» **Instructions to follow**
Write out exactly, please, every line from the beginning of the entries to the line holding "灌木或小乔木。叶革质,长圆状", and no pictures.

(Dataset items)
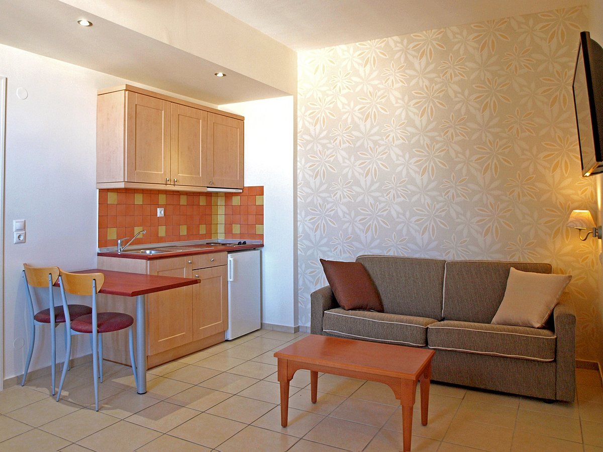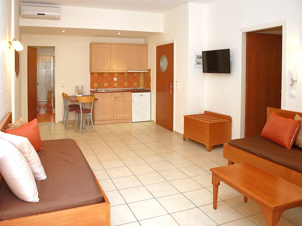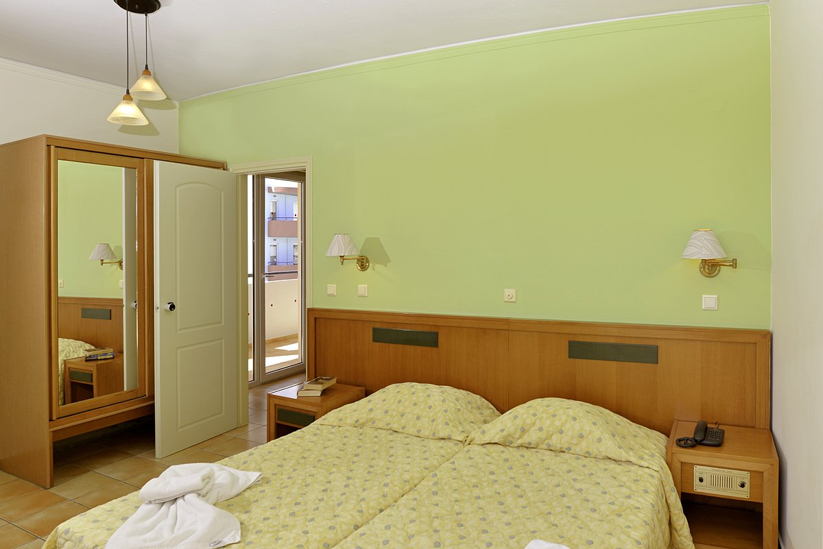 standardowy: 2-os. (możliwość 1 dostawki), ok. 25-30 m², zadbane, indywidualnie sterowana klimatyzacja, łazienka (wanna lub prysznic, wc; suszarka), internet bezprzewodowy, telewizja satelitarna, telefon, aneks kuchenny, zestaw do kawy/herbaty, lodówka; bezpłatne łóżeczko dla dziecka do 2 lat na zamówienie przed przyjazdem; balkon (stolik i krzesełka).
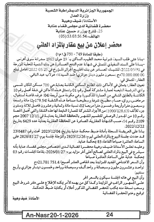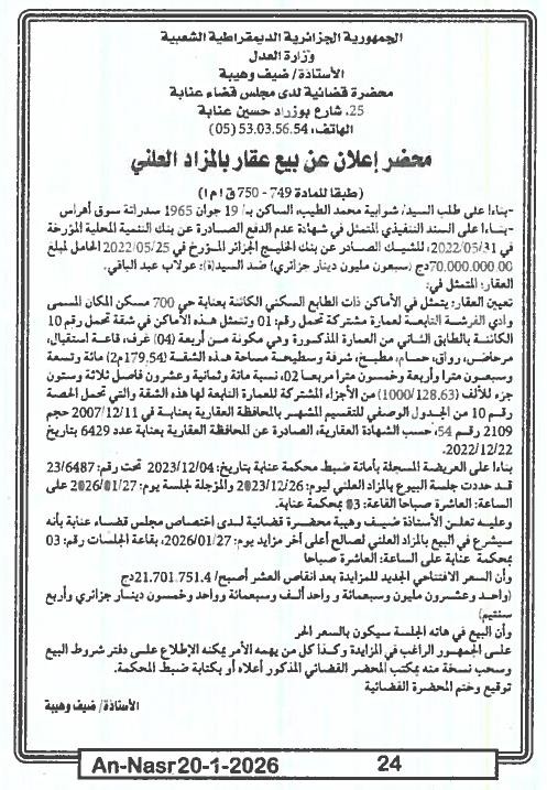 Il sera procédé à la vente au plus offrant et dernier enchérisseur le :
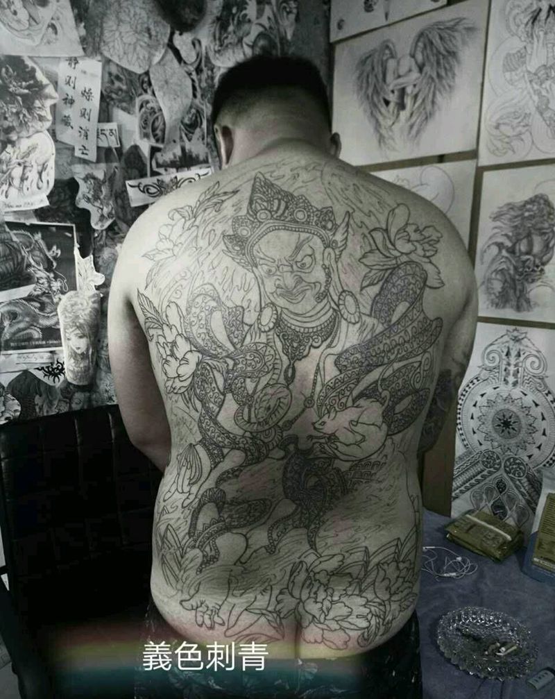 当前位置: 首页 >吉林省长春市纹身店-长春義色刺青纹身图案>满背财宝天王线条完成纹身图片
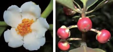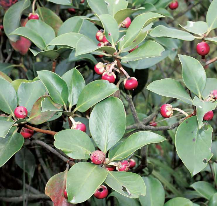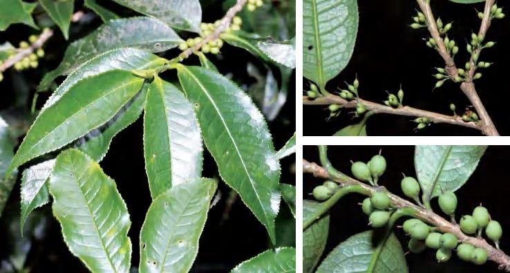 灌木或小乔木。叶革质,长圆状椭圆形等,顶端渐尖,基部楔形,边缘有细钝锯齿。花1~5朵簇生于叶腋。雄花萼片5枚,革质;花瓣5片,白色;雄蕊15~22枚,花药具多分格。雌花萼片与雄花同;花瓣5片,白色;子房圆球形,3室,花柱顶端3裂。果实圆球形,熟时呈紫黑色。花期9—11月,果期翌年6—8月。锦潭管理站联山有分布。
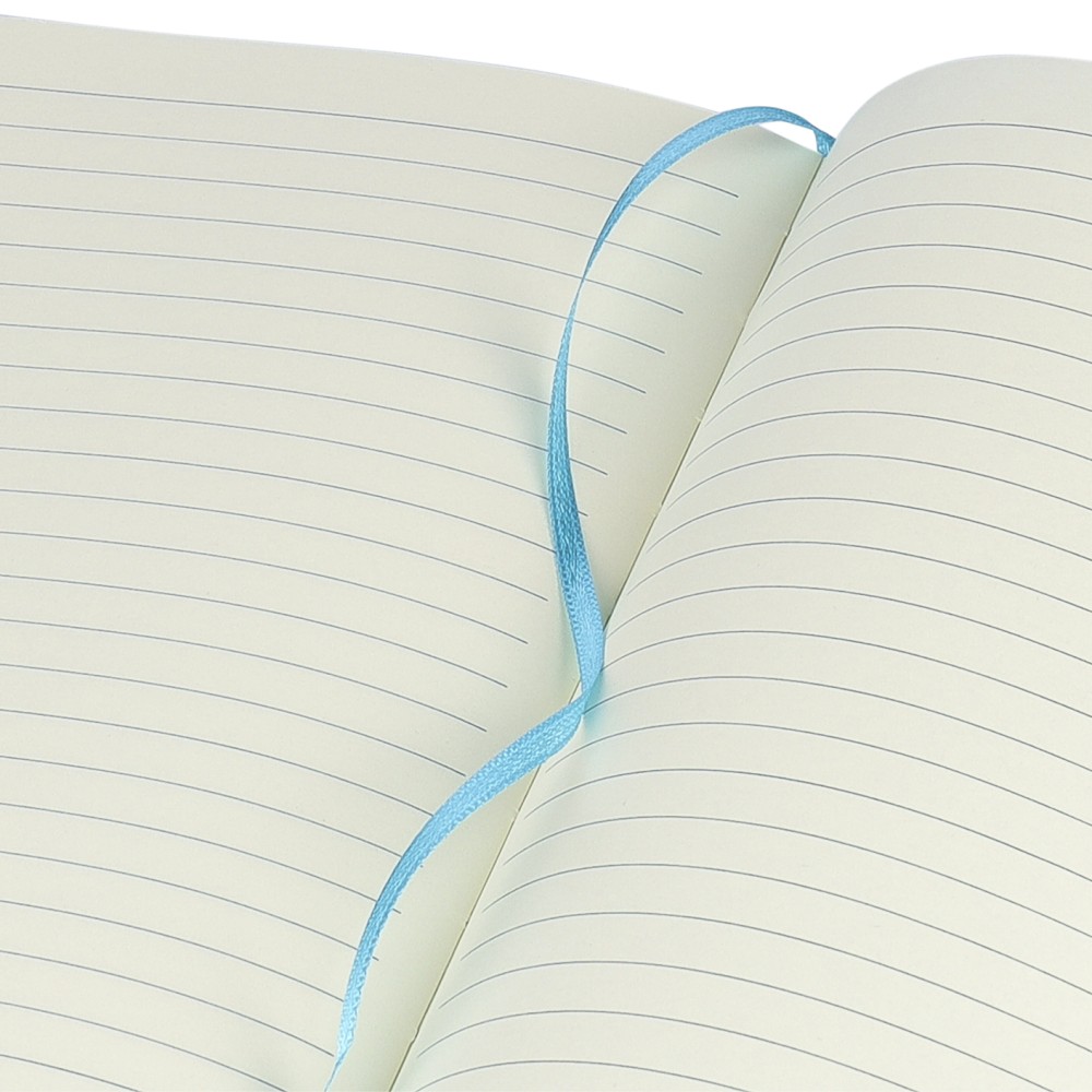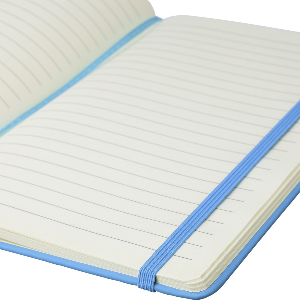 A5-ös méretű jegyzetfüzet rPET PU anyagból készült kemény borítóval, 80 vonalas lappal (70g/m2), színben illeszkedő gumipánttal és könyvjelző szalaggal. Az újrahasznosított anyagra utaló dombornyomott logóval a füzet hátoldalán.
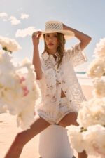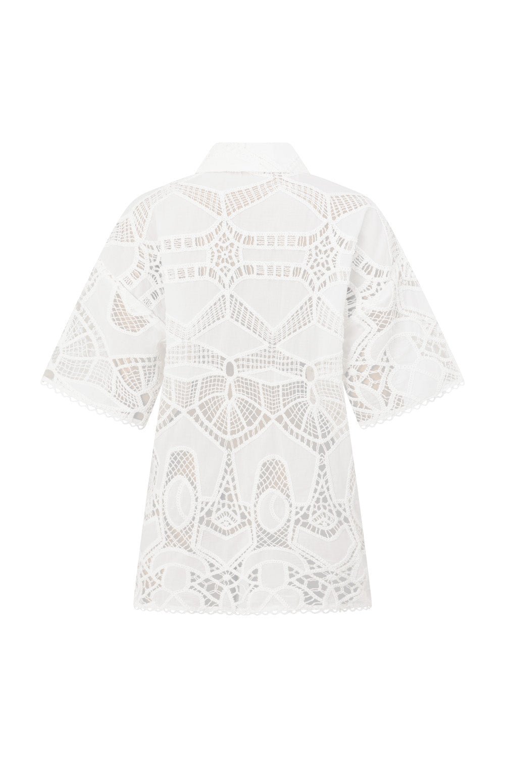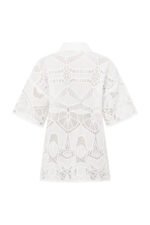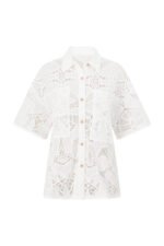 The Cielo Top in our delicate cutwork and embroidered fabric from our Resort ’25 collection. An unlined natural cotton oversized fit shirt with short boxy sleeves. collar and buttons at front. large patch pockets and loop trims throughout. Pair with the Cielo Shorts. Exclusive ZÃCO design.
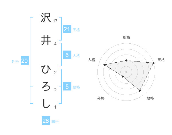 沢井 ひろしさんを姓名の画数から五運を鑑定
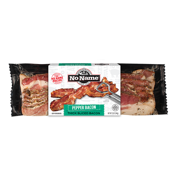 slide 1 of 1, No Name Thick Sliced Pepper Bacon, 12 oz

» **Answer to the problem**
 standardowy: 2-os. (możliwość 1 dostawki), ok. 25-30 m², zadbane, indywidualnie sterowana klimatyzacja, łazienka (wanna lub prysznic, wc; suszarka), internet bezprzewodowy, telewizja satelitarna, telefon, aneks kuchenny, zestaw do kawy/herbaty, lodówka; bezpłatne łóżeczko dla dziecka do 2 lat na zamówienie przed przyjazdem; balkon (stolik i krzesełka).
 Il sera procédé à la vente au plus offrant et dernier enchérisseur le :
 当前位置: 首页 >吉林省长春市纹身店-长春義色刺青纹身图案>满背财宝天王线条完成纹身图片
 灌木或小乔木。叶革质,长圆状椭圆形等,顶端渐尖,基部楔形,边缘有细钝锯齿。花1~5朵簇生于叶腋。雄花萼片5枚,革质;花瓣5片,白色;雄蕊15~22枚,花药具多分格。雌花萼片与雄花同;花瓣5片,白色;子房圆球形,3室,花柱顶端3裂。果实圆球形,熟时呈紫黑色。花期9—11月,果期翌年6—8月。锦潭管理站联山有分布。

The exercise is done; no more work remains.